Oireachtas Joint and Select Committees

Wednesday, 20 March 2024

Select Committee on Housing, Planning and Local Government

Planning and Development Bill 2023: Committee Stage (Resumed)

Photo of Cian O'CallaghanCian O'Callaghan (Dublin Bay North, Social Democrats) | Oireachtas source

That is exactly the point. The thrust of this Bill is that it gives considerable powers to the Minister, who can issue national planning statements, give all sorts of direction to local authorities and planning authorities through that. There are considerable powers for the Office of the Planning Regulator as a kind of enforcer to ensure the wishes of the Minister are adhered to. However, when it comes to mechanisms that might help to ensure the wishes of the democratically elected councillors and what they pass in the development plan might be adhered to, then the Bill is lacking. We are putting forward a measure to strengthen that. Having this happen after 20 months, in addition to the review much later on, would be a good point for the elected members to review objectives that were passed 20 months ago, and to ask what is happening on them. They are not going to bring up every issue. They are going to concentrate on areas of particular strategic importance. I have given the example of development plans, not just local authorities. I was on several local authorities which had objectives to publicly map the rights-of-way. The elected members felt that was important. The executives of the councils did not. They did not do it. A mechanism such as this would give the elected members an opportunity to try to follow through on that.
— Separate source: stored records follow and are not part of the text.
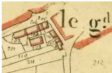
Extrait du plan cadastral de 1816, section B. IVR52_20147200920NUCA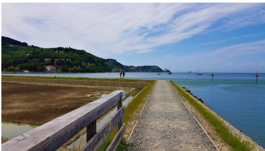
Slika prikazuje strunjanske soline

V Strunjan bodo prispeli ob 8.50 pred hotel Salinera. Po prihodu se bo skupina peš odpravila na pot proti Piranu. Pred izletom si bomo ogledali Strunjanske soline in nato nadaljevali pot po lokalni cesti, ki nas vodi mimo zaliva Svetega Duha. Vzpeli se bomo po cesti nad Strunjanom, dokler nas smerokazi ne bodo usmerili proti Pacugu. Sledili bomo pešpoti, ki nas vodi skozi gozdnato pot visoko nad morjem katera nas pripelje do naselja Pacug. Na razpotjih se bomo držali oznak za Fieso, kjer se cesta precej strmo spusti do jezera in obale. Iz Fiese bomo nadaljevali po znani betonirani pešpoti pod klifom, ki nas pripelje neposredno v Piran do cerkve svetega Jurija.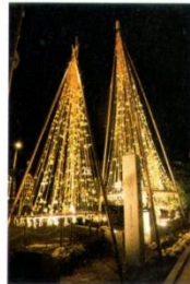
▲毎年10月末～2月末頃の期間中、武蔵ヶ辻交差点が光のイルミネーションで飾られる「金箔きらら」は冬の風物詩

古くから金沢の経済・交通の要所として栄え、東へ歩けば、神社やお堀、古い街並みが続く。趣深さを今なお残しつつ、モダンな店や建物も増えて古今融合の楽しみがあふれている。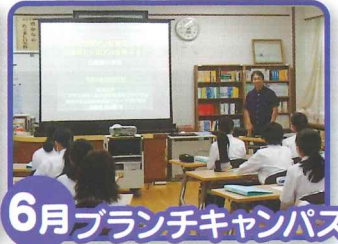
6月 ブランチキャンパス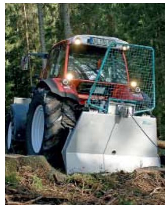
Neben professioneller Technik bietet Pfanzelt auch Produkte für Waldbauern an. Dies gilt sowohl für Seilwinden als auch für Rückewagen.

Es soll nicht unerwähnt bleiben: In diesem Jahr feiert Pfanzelt das 25-jährige Bestehen. Am 23. und 24. Juni wird das Firmenjubiläum in Rettenbach am Auerberg gefeiert. Ein vielfältiges Programm verspricht zwei interessante Tage. (jh)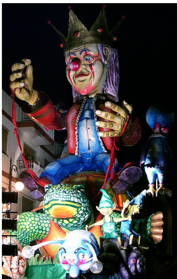
Een carnavalswagen in Massafra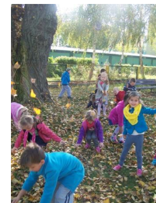
Bardzo lubimy zabawy w naszym ogrodzie przedszkolnym

In the local authorities of which I was a member, many policies were passed by the elected members long before they became national policy, including issues around active travel, cycleways, sustainable travel and transport, which is a very important proposal that is now being heavily advanced around the coastal greenway and walking and cycling route. However, in one development plan after another these issues were passed by the councillors but not acted on by the executive. While a mechanism like this would not have ensured they all were acted on, it would have slightly rebalanced matters. We have all these measures in the Bill, power for the Minister and the Office of the Planning Regulator, but it is lacking in terms of elected members.